Each record below is to be copied exactly; the pictures are to be omitted.

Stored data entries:
╔══
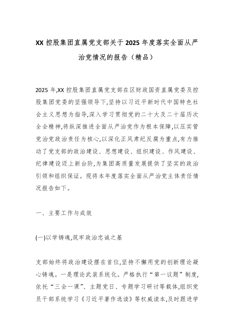 XX控股集团直属党支部关于2025年度落实全面从严治党情况的报告(精品)_副本
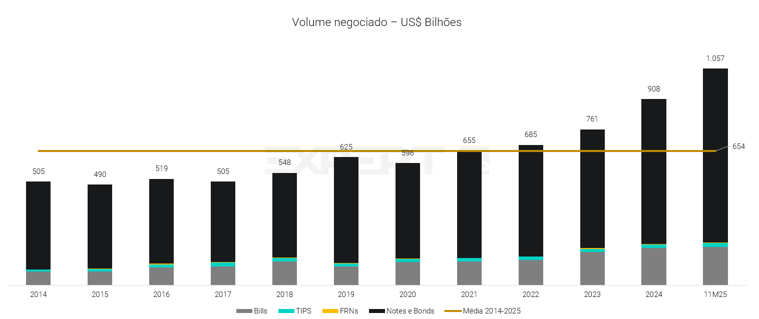 Risco de liquidez: refere-se à facilidade para negociações do título no mercado secundário, no qual um título com poucos compradores potenciais pode ser desvalorizado no momento de uma cotação de venda. O mercado de Treasuries possui liquidez expressiva, com volumes atingindo US$ 654 bilhões de negociação média anual nos últimos 12 anos.
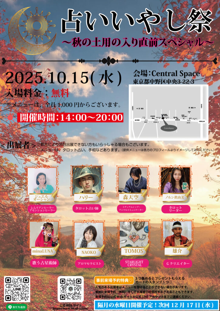 つい先日の2025.10.15(水)に「占いいやし祭」を開催させていただきました。
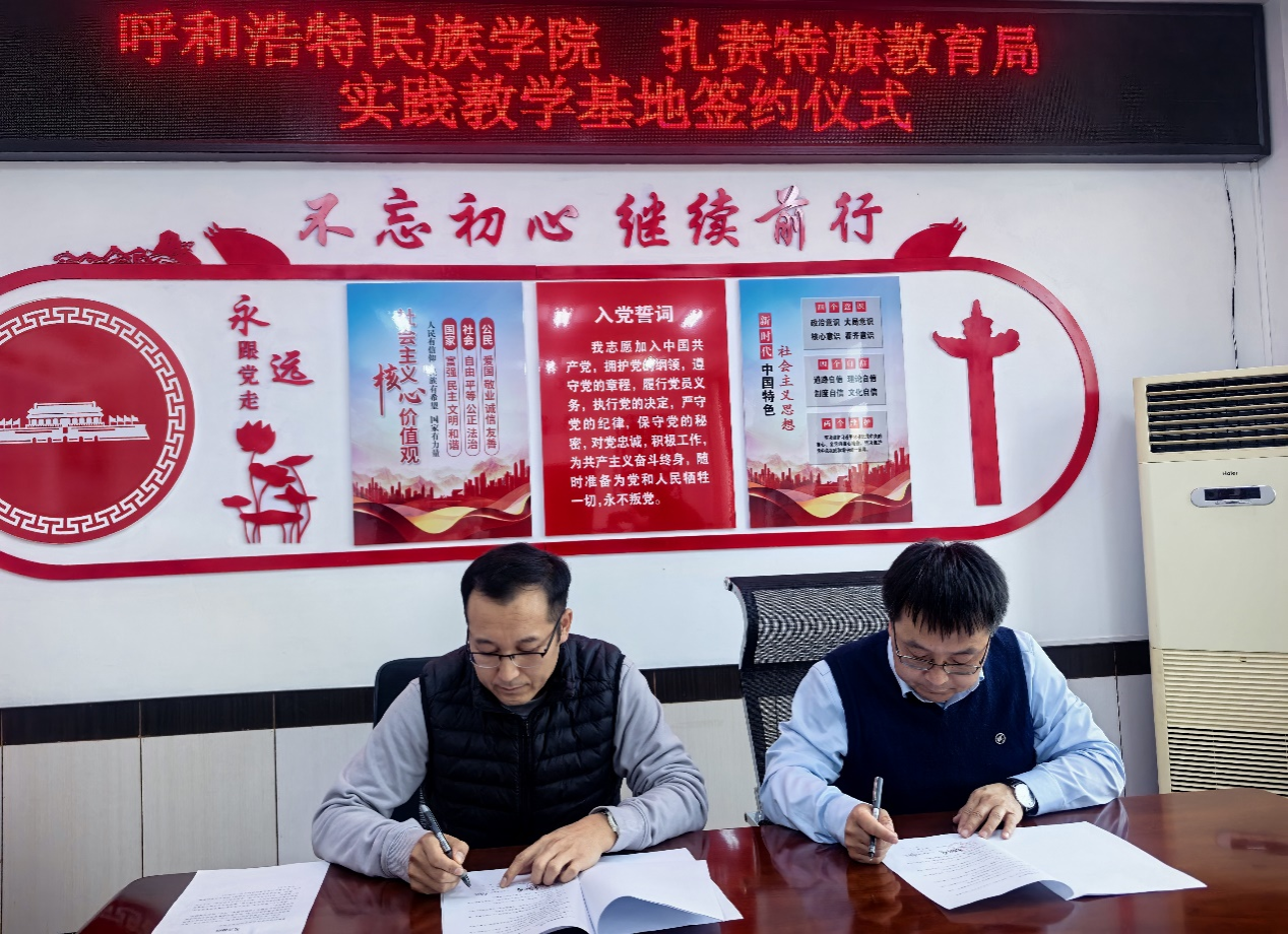 11月24日,我校外國語學院與興安盟扎賚特旗教育局在扎賚特旗共同舉行“實踐教學基地”簽約揭牌儀式。外國語學院院長秦紅喜、黨政辦公室主任胡日查畢力格,扎賚特旗教育局副局長孫勝利、朱滿達及雙方相關(guān)負責人出席活動。
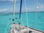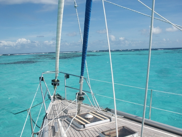 Le lendemain, nous entrons dans les célèbres Tobago Cays aux eaux turquoises. C'est l'enchantement pour l'équipage qui les découvre, mais pour nous aussi. Nous sommes très heureux que l'endroit n'ait pas trop changé depuis 2001. Le récif de corail qui protège toute la zone est encore beau, même si une centaine de bateaux est mouillée là chaque jour pendant la bonne saison. Nous avons même revu deux requins, un poisson porc-épic et de très beaux poissons perroquets. |
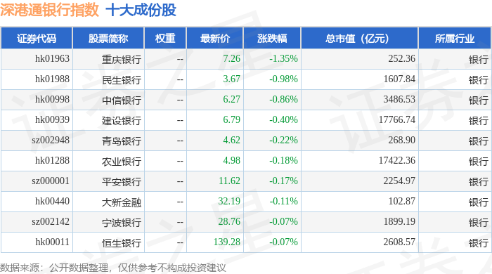 证券之星消息,12月19日,深港通银行(983081)指数报收于7571.18点,涨0.24%,成交76.25亿元,换手率0.16%。当日该指数成份股中,上涨的有17家,渣打集团以1.74%的涨幅领涨,下跌的有10家,重庆银行以1.35%的跌幅领跌。
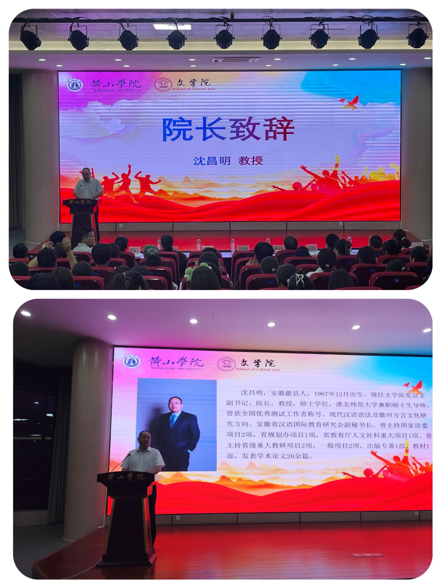院长沈昌明在典礼上致辞,表达了对新生衷心的祝贺和热烈的欢迎,介绍了学院的发展历程、学科建设、师资力量等,随后运用大量的经典名句勉励新生:一要做理想的人,二要做能吃苦的人,三要做能担当的人,四要做肯奋斗的人。
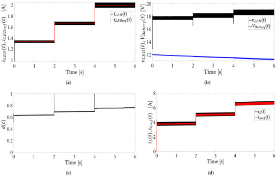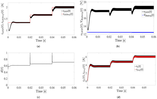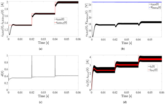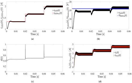 Figure 11a shows that the behavior is similar to that of the 12 V battery. This is because the references of the iLedref currents are the same. Figure 11b reports that the converter operates as a reducer up to 20 ms. Between 20 ms and 40 ms it operates with a voltage conversion factor close to the unit, and from 40 ms to 60 ms it operates in boost mode. The battery voltage is maintained at 18.4 V, which corresponds to a full charge operation. Figure 11c shows that the duty cycle is not saturated and has a lower value than that of the 12 V battery. It will also have fixed-frequency switching. In Figure 11d, the inductor current follows the reference current satisfactorily. The system remains fixed-frequency switching and the error in the controlled current is minimal.
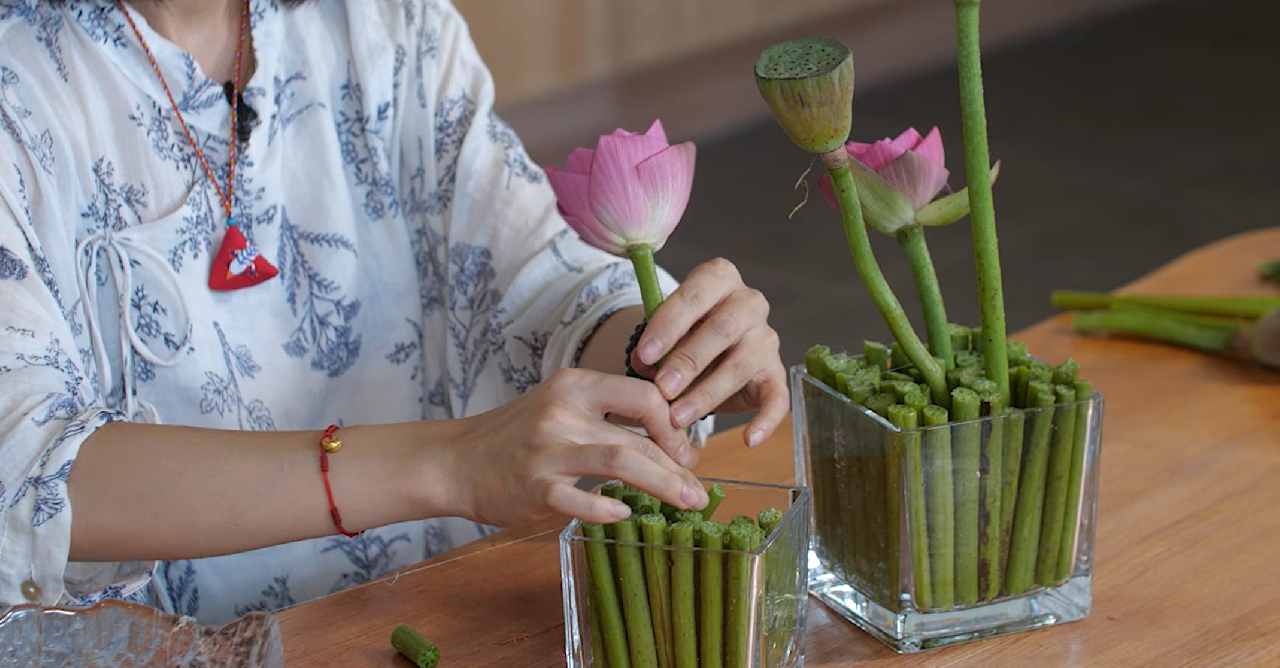 花材:3朵大小不等的荷花,2支莲蓬,2片荷叶。
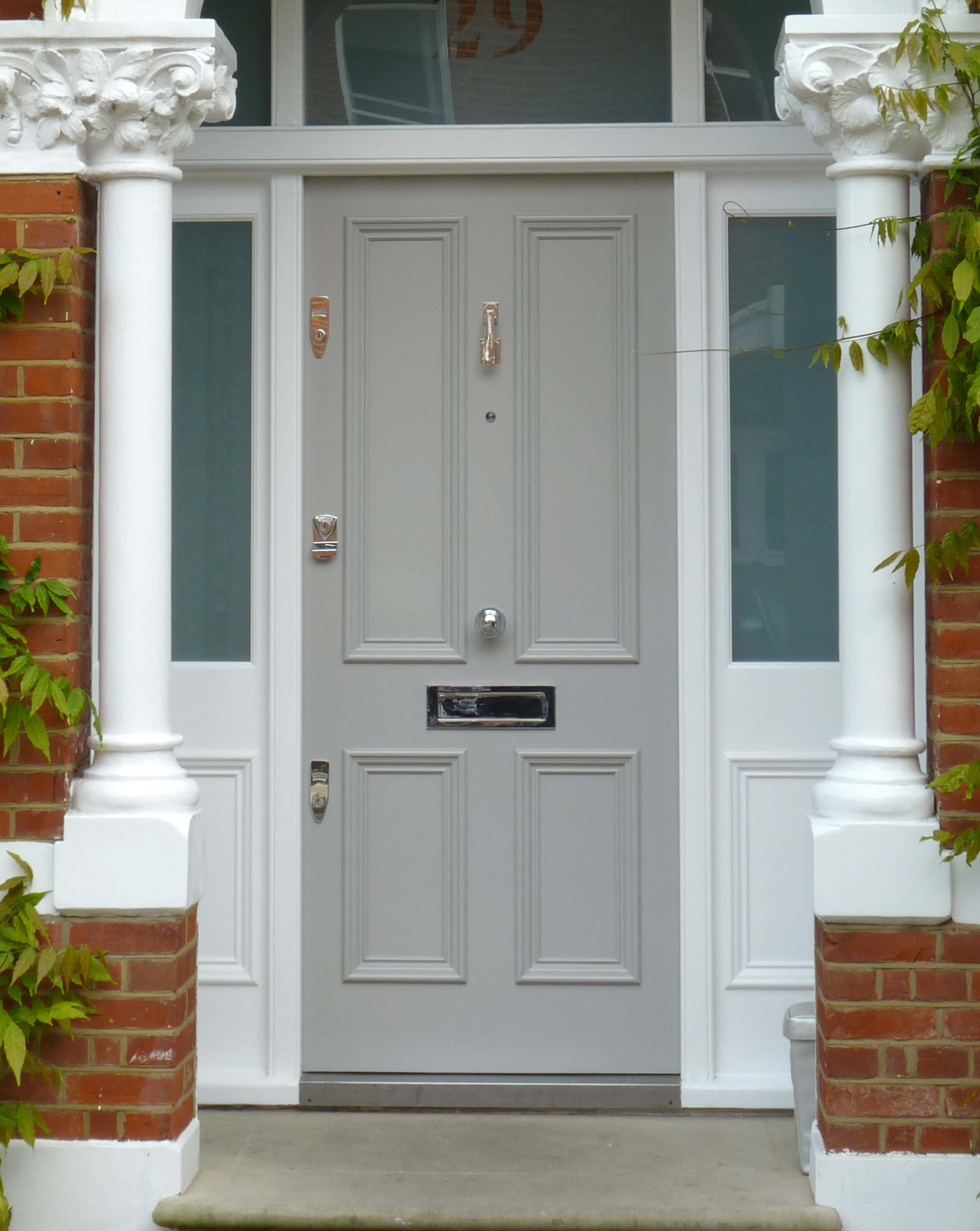 This dark grey Victorian 4 panel door is the perfect example of how to create a stylish and sophisticated front door using traditional design elements. The moody hues of the deep grey contrast perfectly against the white frame and garden greenery to create door with enviable kerb appeal.
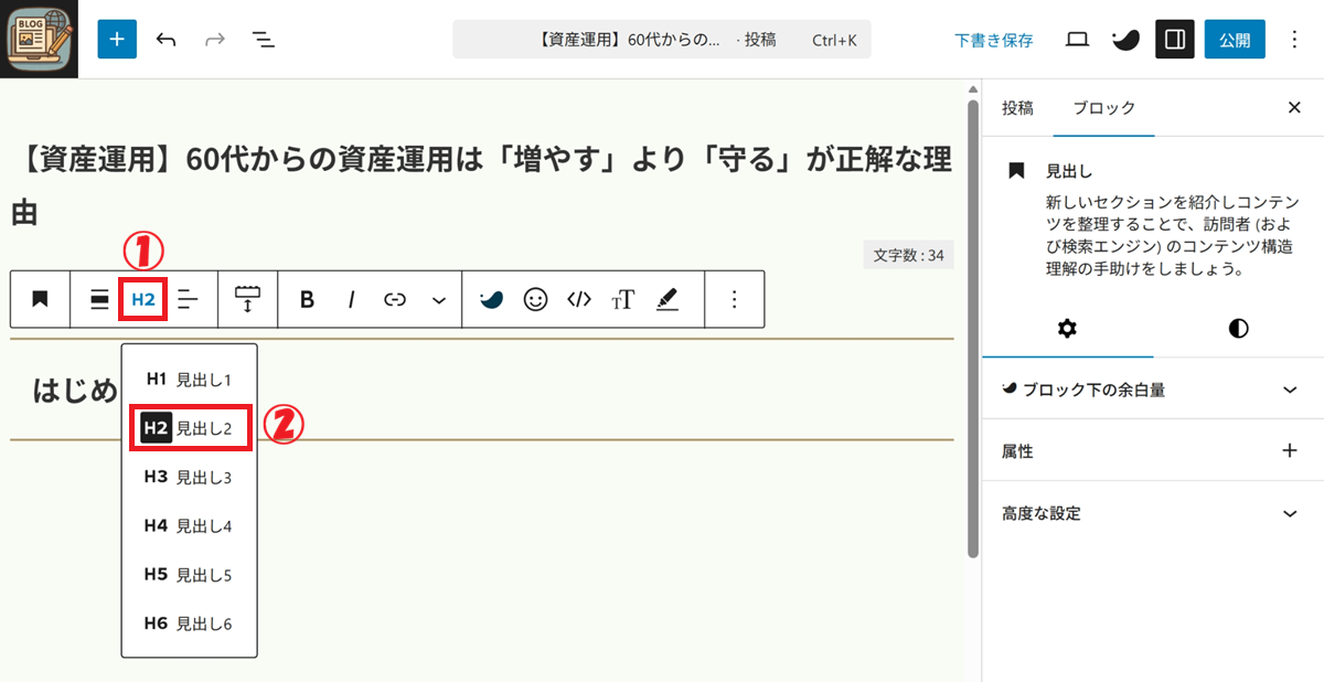 ② 見出しを選択(H2またはH3を選択。今回はH2をクリック)
╚══
◆ ANSWER BOX:
 XX控股集团直属党支部关于2025年度落实全面从严治党情况的报告(精品)_副本
 Risco de liquidez: refere-se à facilidade para negociações do título no mercado secundário, no qual um título com poucos compradores potenciais pode ser desvalorizado no momento de uma cotação de venda. O mercado de Treasuries possui liquidez expressiva, com volumes atingindo US$ 654 bilhões de negociação média anual nos últimos 12 anos.
 つい先日の2025.10.15(水)に「占いいやし祭」を開催させていただきました。
 11月24日,我校外國語學院與興安盟扎賚特旗教育局在扎賚特旗共同舉行“實踐教學基地”簽約揭牌儀式。外國語學院院長秦紅喜、黨政辦公室主任胡日查畢力格,扎賚特旗教育局副局長孫勝利、朱滿達及雙方相關(guān)負責人出席活動。
 Le lendemain, nous entrons dans les célèbres Tobago Cays aux eaux turquoises. C'est l'enchantement pour l'équipage qui les découvre, mais pour nous aussi. Nous sommes très heureux que l'endroit n'ait pas trop changé depuis 2001. Le récif de corail qui protège toute la zone est encore beau, même si une centaine de bateaux est mouillée là chaque jour pendant la bonne saison. Nous avons même revu deux requins, un poisson porc-épic et de très beaux poissons perroquets. |
 证券之星消息,12月19日,深港通银行(983081)指数报收于7571.18点,涨0.24%,成交76.25亿元,换手率0.16%。当日该指数成份股中,上涨的有17家,渣打集团以1.74%的涨幅领涨,下跌的有10家,重庆银行以1.35%的跌幅领跌。
院长沈昌明在典礼上致辞,表达了对新生衷心的祝贺和热烈的欢迎,介绍了学院的发展历程、学科建设、师资力量等,随后运用大量的经典名句勉励新生:一要做理想的人,二要做能吃苦的人,三要做能担当的人,四要做肯奋斗的人。
 Figure 11a shows that the behavior is similar to that of the 12 V battery. This is because the references of the iLedref currents are the same. Figure 11b reports that the converter operates as a reducer up to 20 ms. Between 20 ms and 40 ms it operates with a voltage conversion factor close to the unit, and from 40 ms to 60 ms it operates in boost mode. The battery voltage is maintained at 18.4 V, which corresponds to a full charge operation. Figure 11c shows that the duty cycle is not saturated and has a lower value than that of the 12 V battery. It will also have fixed-frequency switching. In Figure 11d, the inductor current follows the reference current satisfactorily. The system remains fixed-frequency switching and the error in the controlled current is minimal.
 花材:3朵大小不等的荷花,2支莲蓬,2片荷叶。
 This dark grey Victorian 4 panel door is the perfect example of how to create a stylish and sophisticated front door using traditional design elements. The moody hues of the deep grey contrast perfectly against the white frame and garden greenery to create door with enviable kerb appeal.
 ② 見出しを選択(H2またはH3を選択。今回はH2をクリック)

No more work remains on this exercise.